Henderson committed the city to a series of educational goals by 2017. They include raising citywide math and reading proficiency on standardized tests from the current 43 percent to 70 percent and lifting proficiency rates at the 40 lowest-performing schools by 40 percentage points. She also wants to expand enrollment and boost four-year graduation rates from 53 percent to 75 percent.
Perhaps most noteworthy in the plan is Henderson’s interest in extending the District’s school day, which generally runs from 8:45 a.m. to 3:15 p.m. She said a new $10 million grant program would enable some schools to try a longer day on a pilot basis, emulating the practices of some of the most successful charter schools. She said the 2010 collective bargaining agreement with the Washington Teachers’ Union provides “flexibilities” that will allow experimentation with an extended day.

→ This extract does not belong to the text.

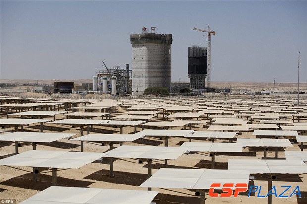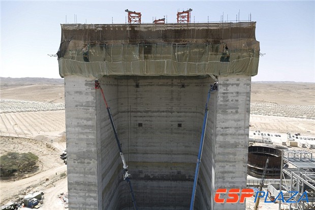 CSPPLAZA光熱發電網報道:裝機121MW的Ashalim1塔式光熱電站位于以色列在內蓋夫(Negev)沙漠,這座塔式光熱電站總占地面積為3.15平方公里,場地中央矗立著Ashalim塔,高240米——是世界上最高的集熱塔,塔底將安裝約5.5萬面鏡子,占地面積約400個足球場大小,這一浩大的工程構成了沙漠中的一幅奇景。

But Henderson also warned that any long-term improvement will be possible only though a dramatic shrinkage of the system’s footprint. About 47,000 students attend 123 schools, 45 of them with enrollment of less than 300. By contrast, Fairfax County operates 194 schools for 177,600 students, officials said.
Five-year plans are a staple of government agencies, and the D.C. school system has a year remaining on the last one, rolled out in 2008. Henderson said that much of the previous plan, developed under Rhee, focused on basic operations such as textbook delivery and timely payment of employees.
Speaking at a news conference with Mayor Vincent C. Gray (D), Henderson said the objective now is to “really move aggressively and urgently around making the revolution happen in the classroom.”
Henderson said the school system had achieved about 90 to 95 percent of the 2008 plan. But a reading of the 79-page document reveals a more mixed picture.
While Rhee’s blueprint avoided specific numerical goals, the system has, as promised, expanded access to preschool and pre-kindergarten. It has also transformed its approach to evaluating and developing teachers, upgraded food service and renovated or rebuilt numerous decrepit buildings. Use of student data as a tool for crafting teaching strategies has also improved.
But much of the plan remains a set of aspirations rather than accomplishments. It promised that, by 2013, D.C. students would be “fully prepared for college and work” — a distant objective, considering current high school completion rates. The plan also vowed that persistently underperforming schools would be closed. More than two dozen schools were
shuttered on Rhee’s watch, but officials attributed those closures to low enrollment.